Would you retype, word for word, the line with "# 8 CURRENT" and each line after it to the end of the entries below, leaving the pictures out?

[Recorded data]
++++++++++++++++++++
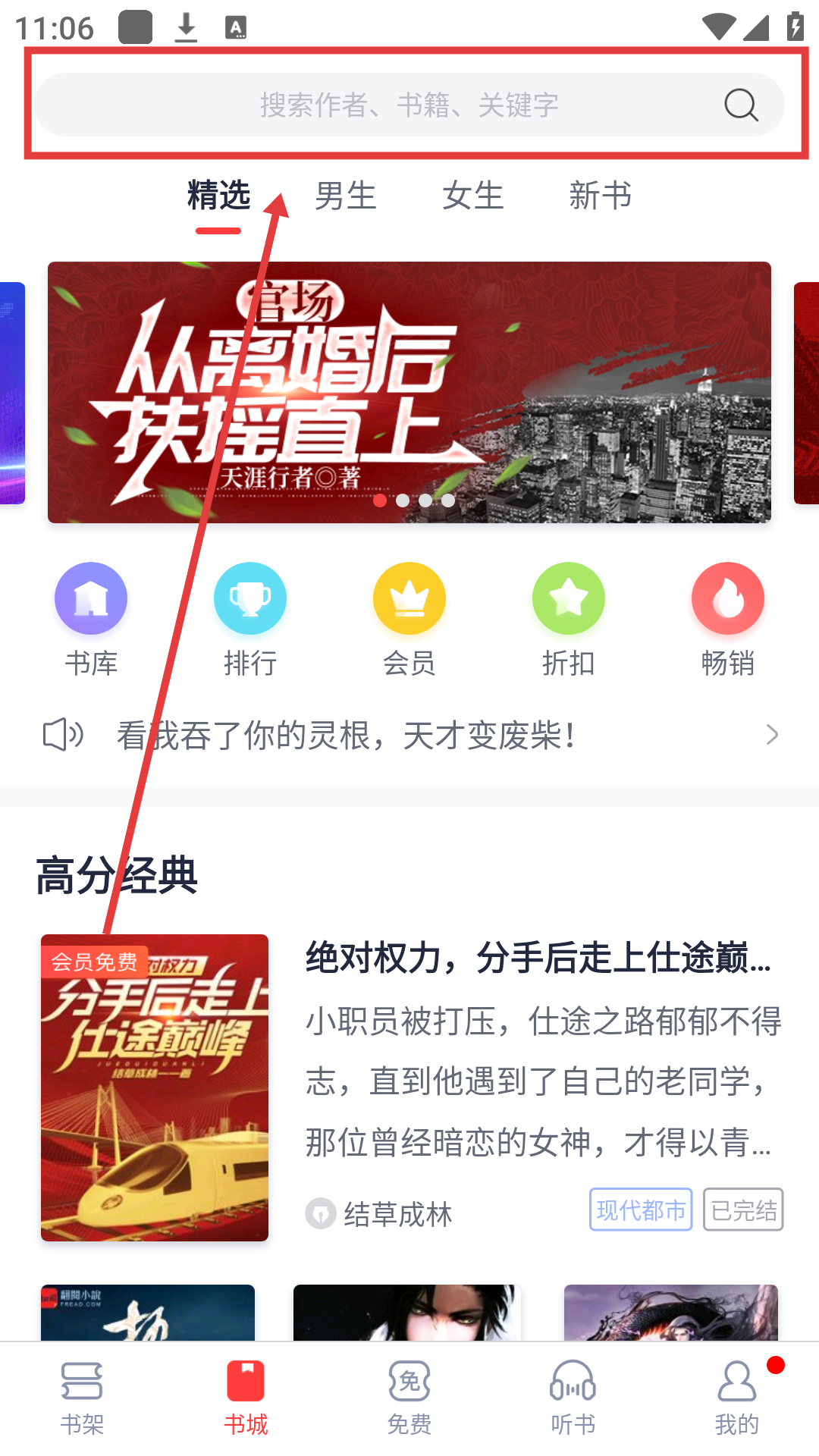 1、在书城页面,点击顶部搜索框,可进入搜索页面,准备查找书籍啦。
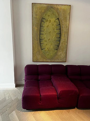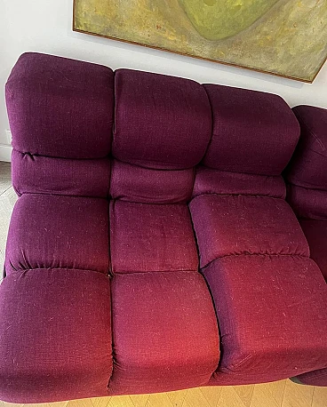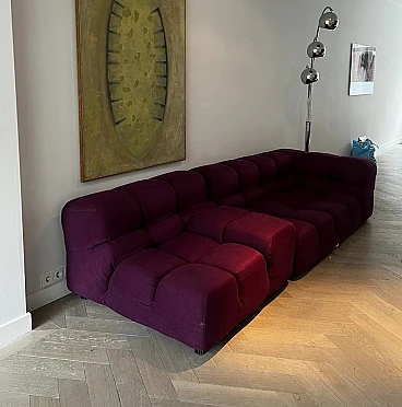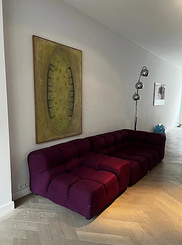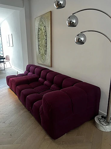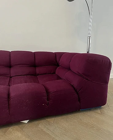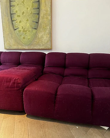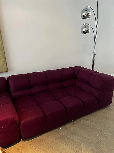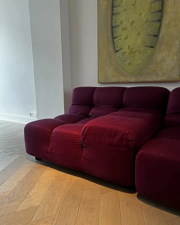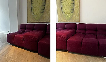Divano Tufty-Time di Patricia Urquiola per B&B Italia. Rivestimento in morbido tessuto di cotone Maxalto color rosso ciliegia intenso. È composto da due parti: un modulo di tre cuscini con bracciolo basso da 104 x 104 cm e un modulo di cinque cuscini con il bracciolo alto da 175 x 104 cm. È usato ma in buonissime condizioni; utilizzato per una terza casa. Privo di macchie e ben tenuto. Sono presenti solo pelucchi e tracce del tessuto del telo di stagione con cui è stato ricoperto. Se messo unito ad angolo 60 cm di altezza, 175 cm di larghezza e 208 cm di profondità. Altezza della seduta: 35 cm.
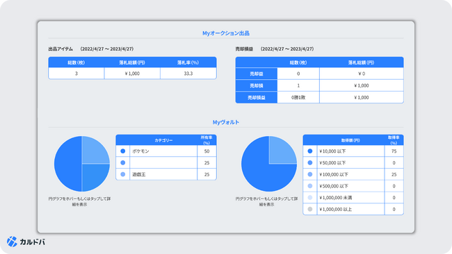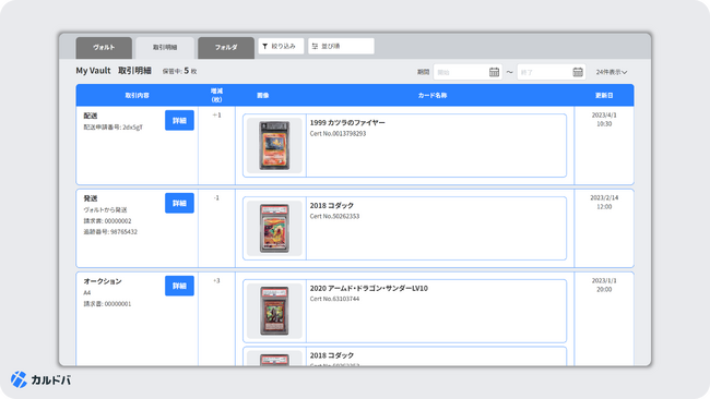 カードの入手日や購入額は、過去の取引も含めてすべて記録。「取引履歴」では、ヴォルトに入ったカード(カルドバへ配送・取引で入手)や、ヴォルトから出て行ったカード(自宅に配送・取引に出品)が一目でわかるので、電子通帳や証券口座のようにトレカを一元管理してみてはいかがでしょうか。
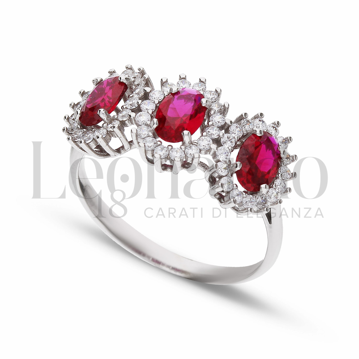 Anello Trilogy da Donna, modello Kate 1° misura, con pietre di colore rosso contornate da una fila di zirconi bianchi, in Oro Bianco.
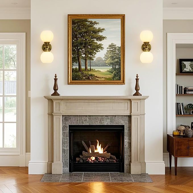 Pathson 2-Light Milk White Wall Sconces Striped Glass, Modern Bathroom Sconces Wall Vanity Light Fixtures Brass Finish, Vintage Wall Sconce Lamp for Mirror Living Room Bedroom Farmhouse Lighting
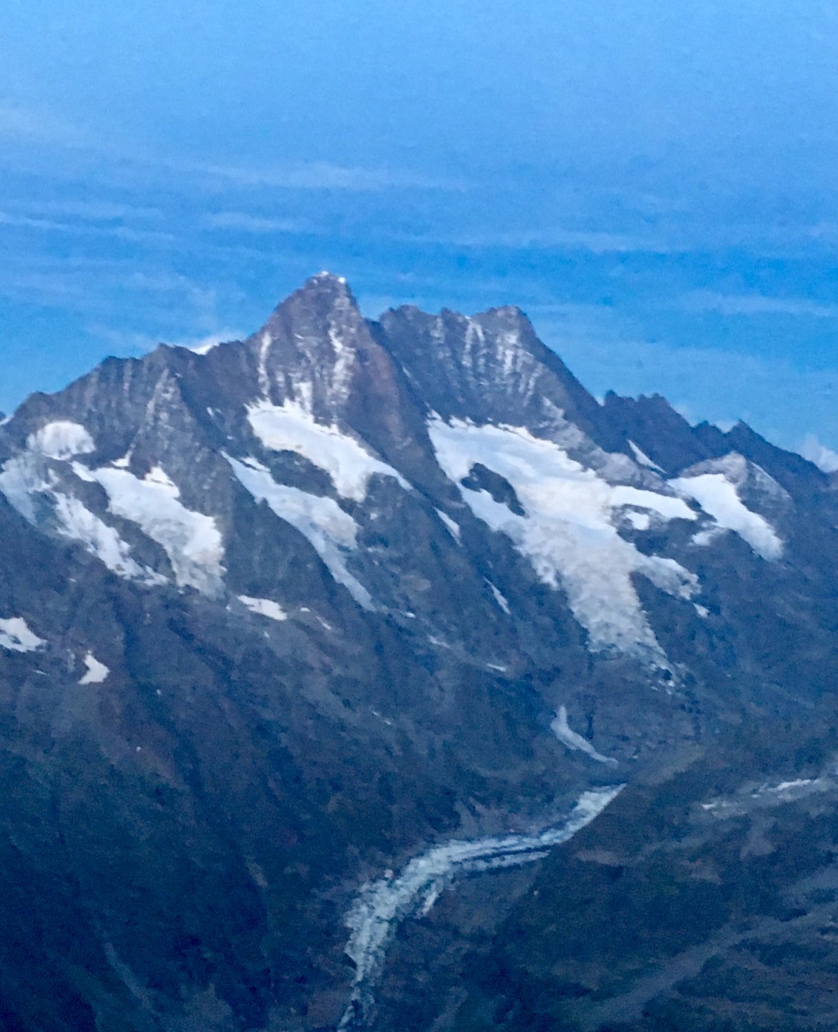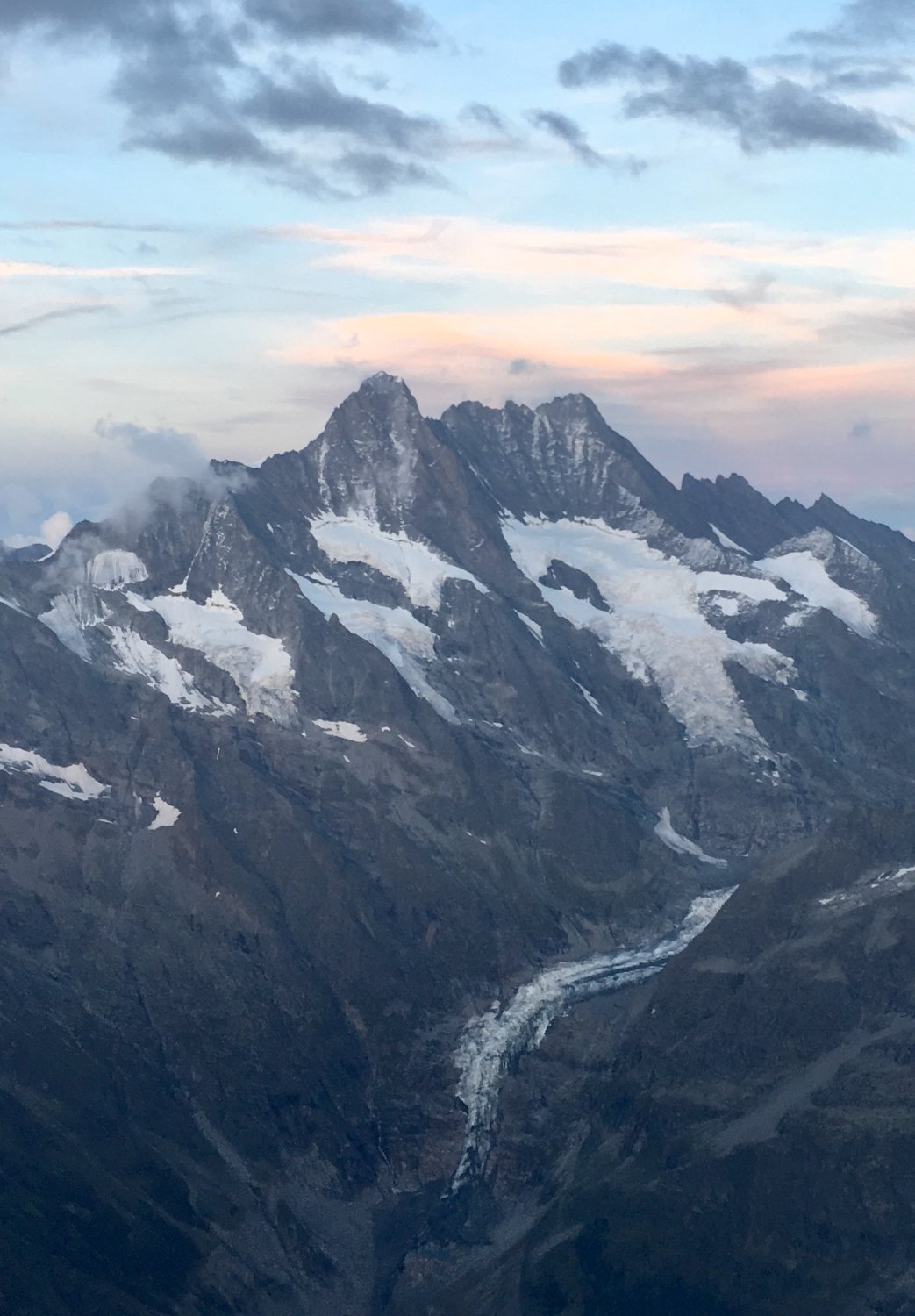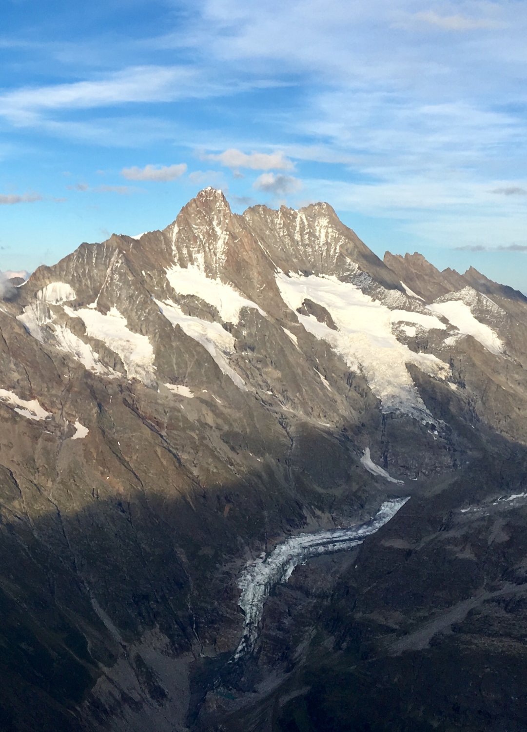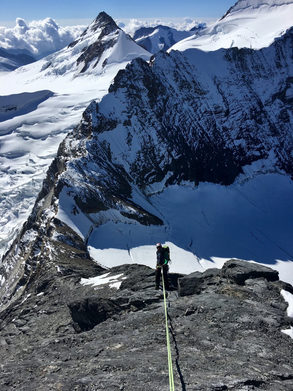 Mittellegi - Eiger - Jungfraujoch: Mittellegi-Grat ab grosser Turm mit Firn und teils Eis-Glasur, Steigeisen erforderlich. Abstieg Sud-Grat trocken. Eigerjöcher-Traverse schönes Ambiente in festem Gneis und Mixed-Kletterei. 6h + 0.5h Stau + 0.5h Pause.
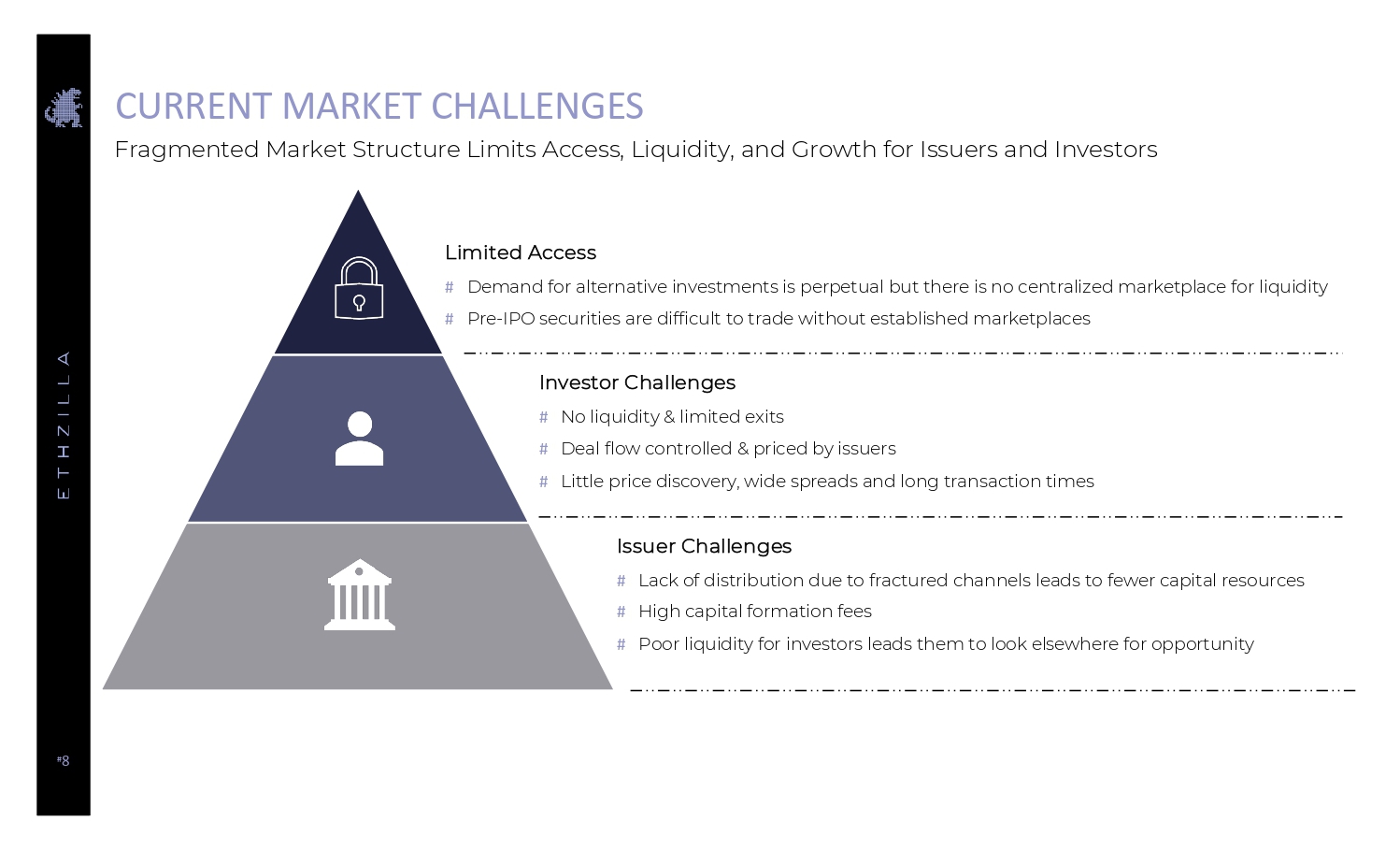 # 8 CURRENT MARKET CHALLENGES Limited Access # Demand for alternative investments is perpetual but there is no centralized marketplace for liquidity # Pre - IPO securities are difficult to trade without established marketplaces Investor Challenges # No liquidity & limited exits # Deal flow controlled & priced by issuers # Little price discovery, wide spreads and long transaction times Issuer Challenges # Lack of distribution due to fractured channels leads to fewer capital resources # High capital formation fees # Poor liquidity for investors leads them to look elsewhere for opportunity Fragmented Market Structure Limits Access, Liquidity, and Growth for Issuers and Investors
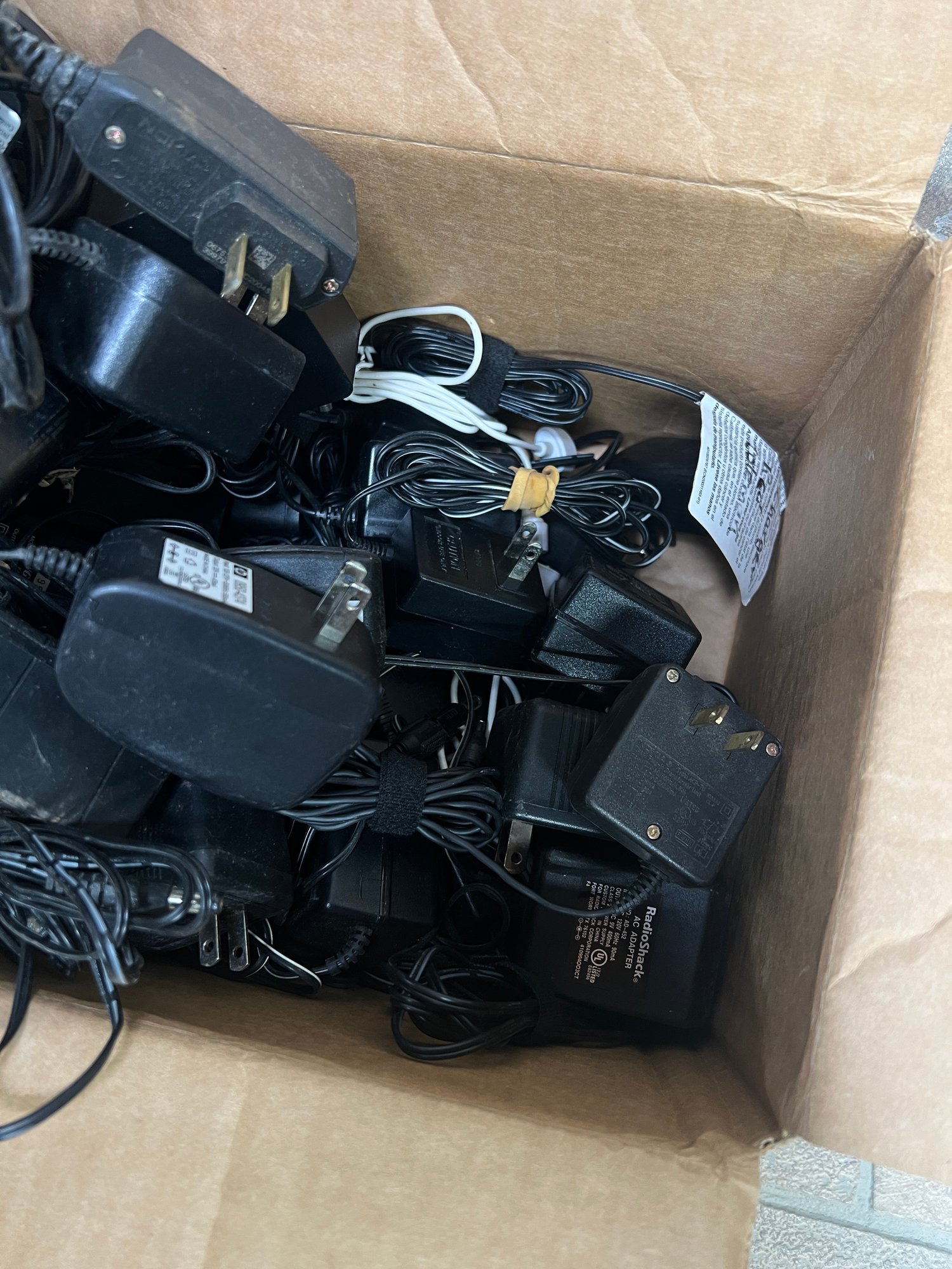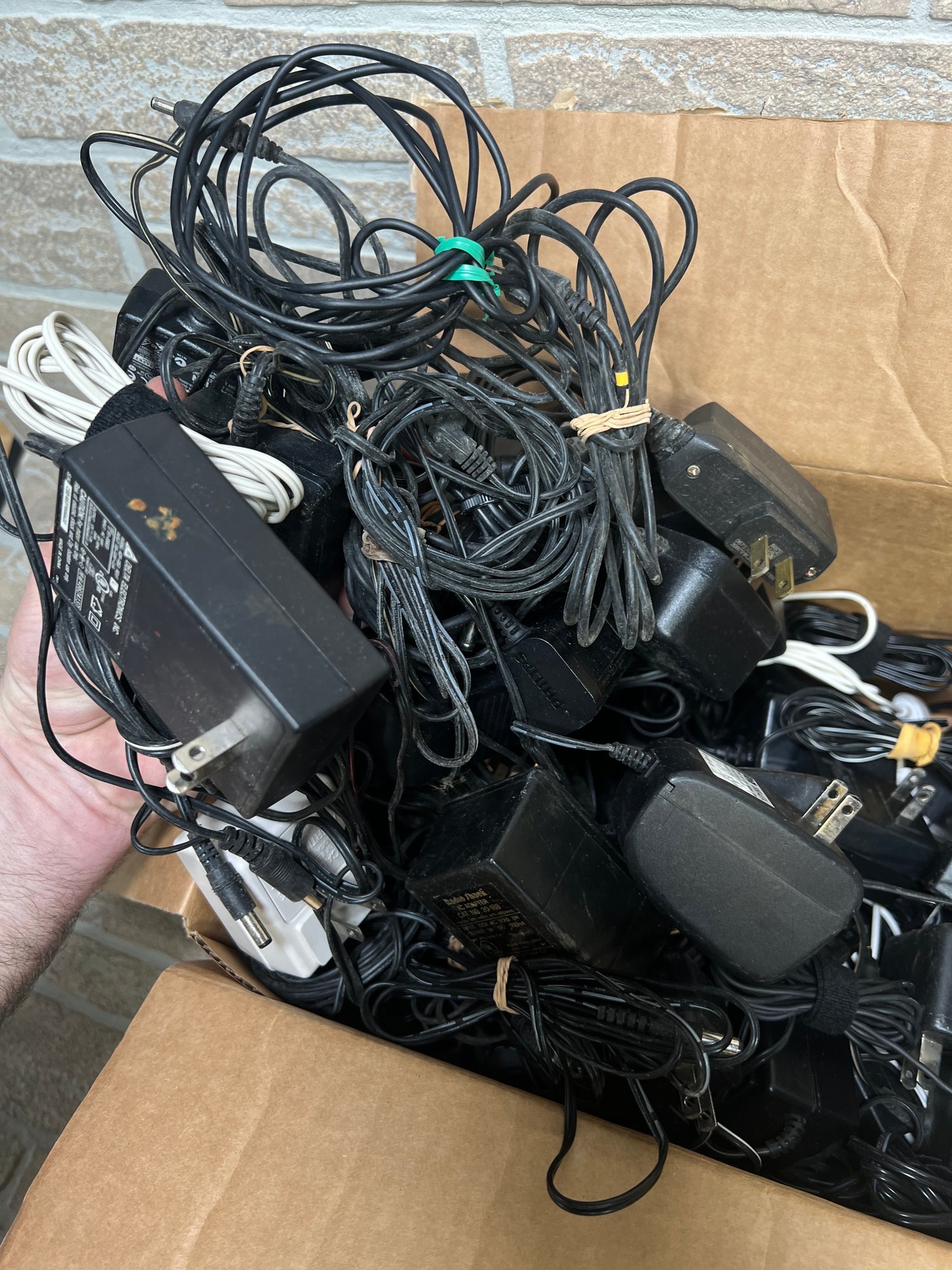 Large mixed lot of AC/DC power adapters, chargers, and power supplies. Great for electronics repair, hobbyists, resellers, or parts use.
++++++++++++++++++++
> Output of the exercise
 # 8 CURRENT MARKET CHALLENGES Limited Access # Demand for alternative investments is perpetual but there is no centralized marketplace for liquidity # Pre - IPO securities are difficult to trade without established marketplaces Investor Challenges # No liquidity & limited exits # Deal flow controlled & priced by issuers # Little price discovery, wide spreads and long transaction times Issuer Challenges # Lack of distribution due to fractured channels leads to fewer capital resources # High capital formation fees # Poor liquidity for investors leads them to look elsewhere for opportunity Fragmented Market Structure Limits Access, Liquidity, and Growth for Issuers and Investors
 Large mixed lot of AC/DC power adapters, chargers, and power supplies. Great for electronics repair, hobbyists, resellers, or parts use.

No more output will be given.